(Exercise details) Below are records with pictures in them. Transcribe everything from the line containing "Entree: dumplings au" down to the line containing "Rare 1898 New", exactly, and leave the pictures behind.

(Material for this exercise)
+++
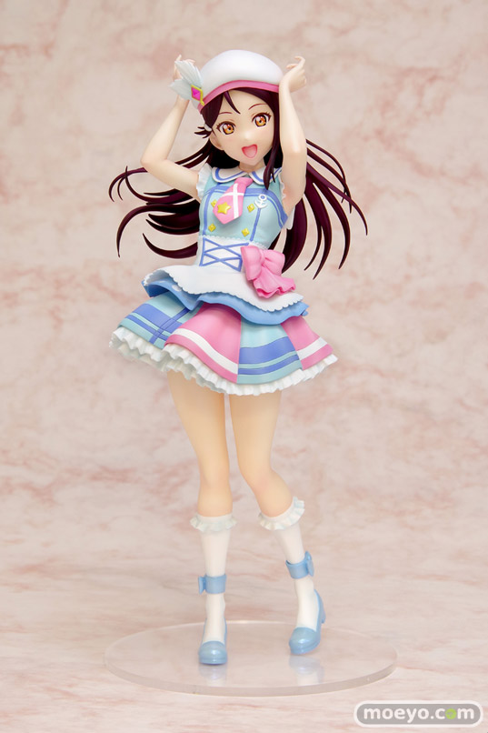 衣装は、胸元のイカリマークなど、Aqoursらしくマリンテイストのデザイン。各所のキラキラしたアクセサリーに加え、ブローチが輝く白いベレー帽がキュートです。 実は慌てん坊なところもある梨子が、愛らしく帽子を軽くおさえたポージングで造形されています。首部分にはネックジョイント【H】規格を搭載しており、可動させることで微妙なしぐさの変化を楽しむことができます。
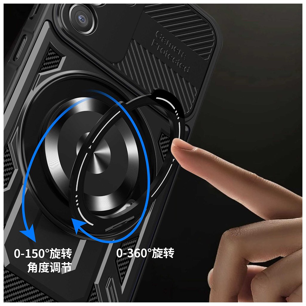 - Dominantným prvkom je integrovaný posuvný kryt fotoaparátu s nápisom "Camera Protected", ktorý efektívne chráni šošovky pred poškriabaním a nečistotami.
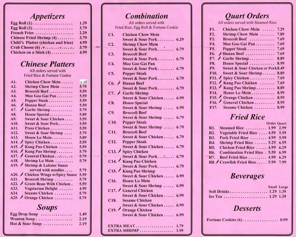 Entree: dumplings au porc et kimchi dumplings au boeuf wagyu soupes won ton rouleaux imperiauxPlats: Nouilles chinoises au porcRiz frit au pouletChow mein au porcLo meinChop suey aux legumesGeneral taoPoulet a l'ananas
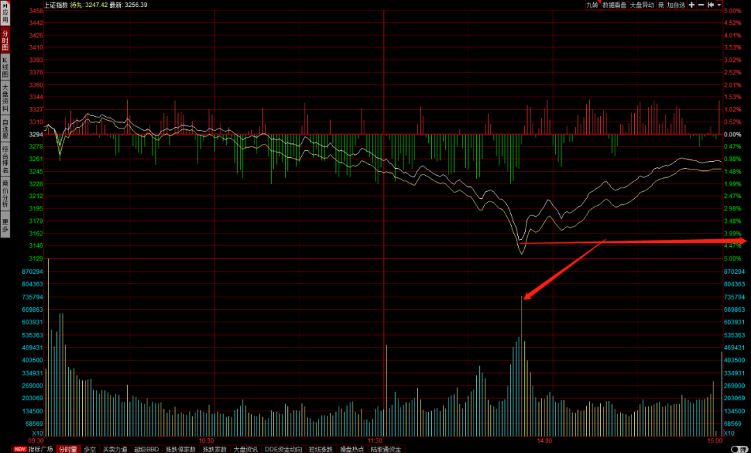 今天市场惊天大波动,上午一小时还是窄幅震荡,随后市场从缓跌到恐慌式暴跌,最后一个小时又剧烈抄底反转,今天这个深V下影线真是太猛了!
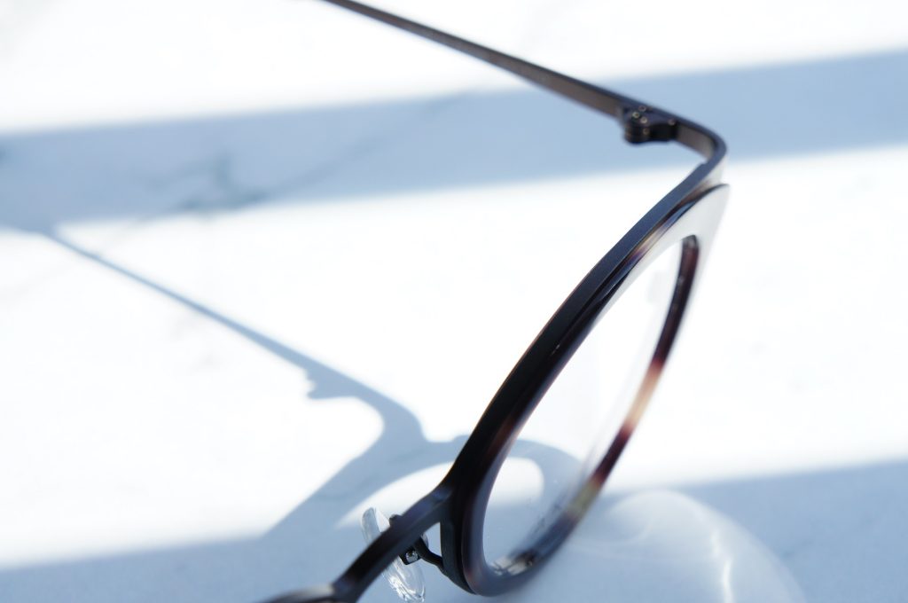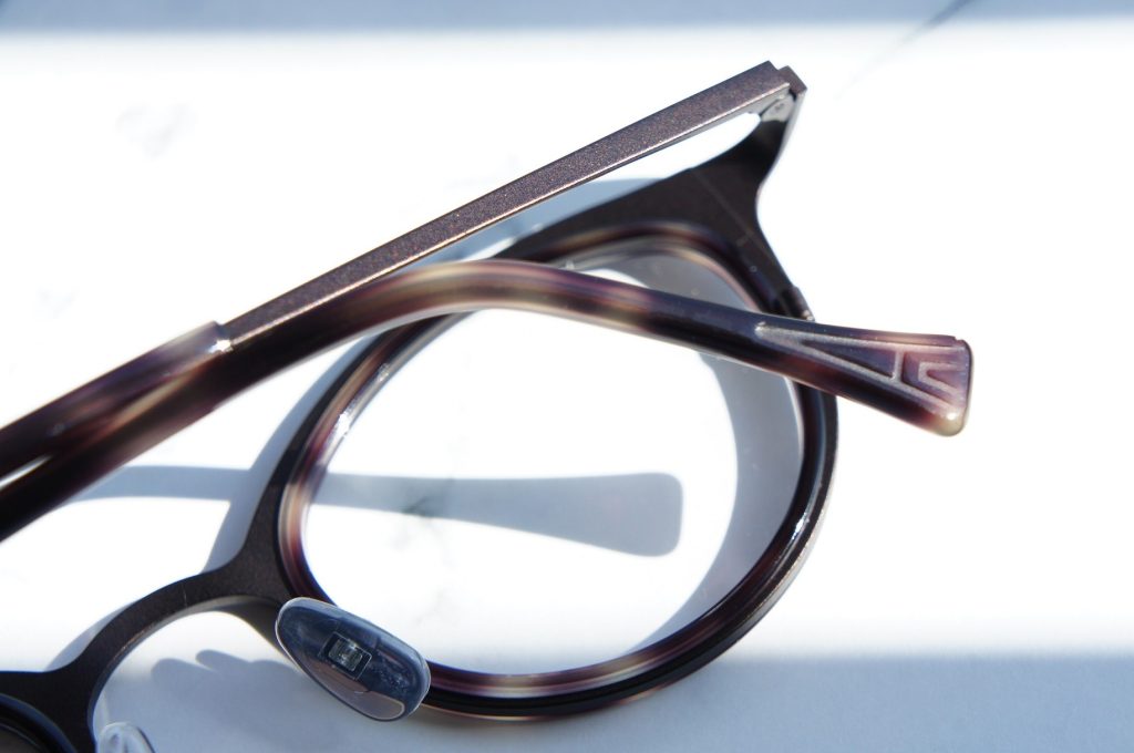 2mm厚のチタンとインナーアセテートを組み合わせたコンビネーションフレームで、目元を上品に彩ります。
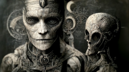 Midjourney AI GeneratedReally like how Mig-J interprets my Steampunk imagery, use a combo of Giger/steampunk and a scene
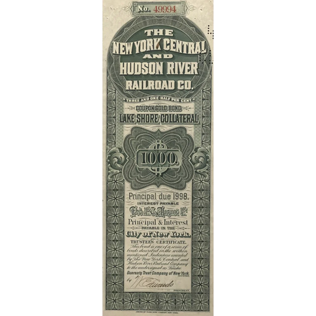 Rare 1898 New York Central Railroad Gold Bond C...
+++
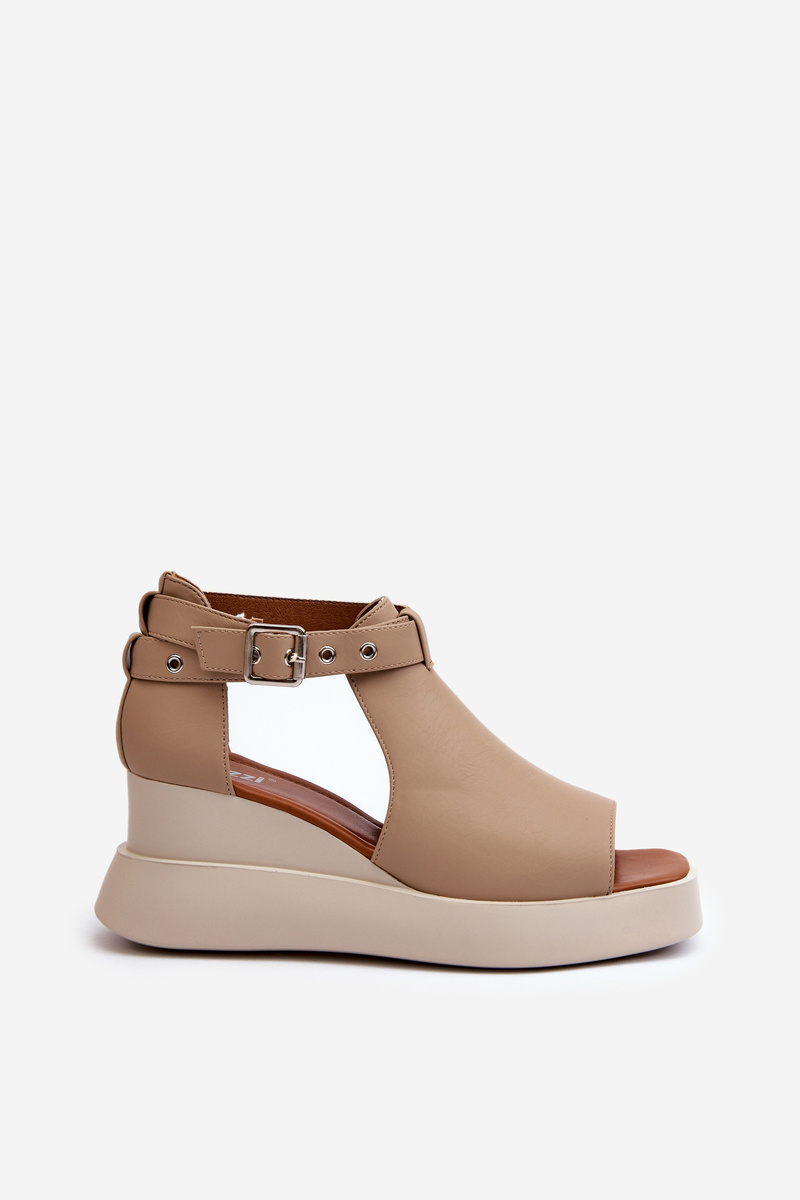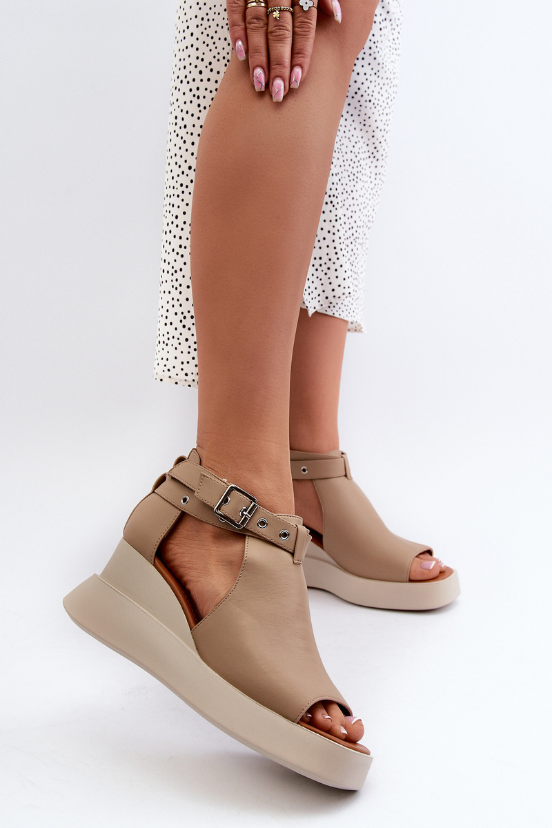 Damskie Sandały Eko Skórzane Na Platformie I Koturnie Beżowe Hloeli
+++
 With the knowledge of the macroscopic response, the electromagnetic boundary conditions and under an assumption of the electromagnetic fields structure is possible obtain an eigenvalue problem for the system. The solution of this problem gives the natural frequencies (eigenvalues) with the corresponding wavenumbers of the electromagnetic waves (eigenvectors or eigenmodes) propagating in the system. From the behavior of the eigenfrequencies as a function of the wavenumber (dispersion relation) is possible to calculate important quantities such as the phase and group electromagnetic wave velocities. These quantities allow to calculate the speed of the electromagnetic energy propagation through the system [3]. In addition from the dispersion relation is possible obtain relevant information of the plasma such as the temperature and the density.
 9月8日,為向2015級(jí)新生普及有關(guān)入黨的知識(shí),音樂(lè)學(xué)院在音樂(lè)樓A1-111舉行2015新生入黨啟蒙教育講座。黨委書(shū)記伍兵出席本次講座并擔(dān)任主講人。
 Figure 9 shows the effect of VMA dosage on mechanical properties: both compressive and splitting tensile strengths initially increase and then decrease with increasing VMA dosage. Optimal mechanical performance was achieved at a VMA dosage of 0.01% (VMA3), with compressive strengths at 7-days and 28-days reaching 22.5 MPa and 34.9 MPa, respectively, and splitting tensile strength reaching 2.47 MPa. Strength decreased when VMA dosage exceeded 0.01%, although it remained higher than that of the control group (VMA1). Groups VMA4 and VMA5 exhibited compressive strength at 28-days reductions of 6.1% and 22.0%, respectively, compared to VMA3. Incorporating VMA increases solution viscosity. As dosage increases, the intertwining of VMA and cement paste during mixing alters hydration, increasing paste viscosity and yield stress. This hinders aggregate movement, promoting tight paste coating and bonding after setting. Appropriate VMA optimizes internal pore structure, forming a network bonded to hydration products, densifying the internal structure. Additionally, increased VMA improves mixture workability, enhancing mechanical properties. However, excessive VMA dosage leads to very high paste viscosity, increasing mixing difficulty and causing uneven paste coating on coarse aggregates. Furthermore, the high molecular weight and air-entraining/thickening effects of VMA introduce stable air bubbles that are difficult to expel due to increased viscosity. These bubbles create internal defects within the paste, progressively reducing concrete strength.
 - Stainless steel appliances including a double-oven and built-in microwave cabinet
+++
(Solution to the exercise)
 Entree: dumplings au porc et kimchi dumplings au boeuf wagyu soupes won ton rouleaux imperiauxPlats: Nouilles chinoises au porcRiz frit au pouletChow mein au porcLo meinChop suey aux legumesGeneral taoPoulet a l'ananas
 今天市场惊天大波动,上午一小时还是窄幅震荡,随后市场从缓跌到恐慌式暴跌,最后一个小时又剧烈抄底反转,今天这个深V下影线真是太猛了!
 2mm厚のチタンとインナーアセテートを組み合わせたコンビネーションフレームで、目元を上品に彩ります。
 Midjourney AI GeneratedReally like how Mig-J interprets my Steampunk imagery, use a combo of Giger/steampunk and a scene
 Rare 1898 New York Central Railroad Gold Bond C...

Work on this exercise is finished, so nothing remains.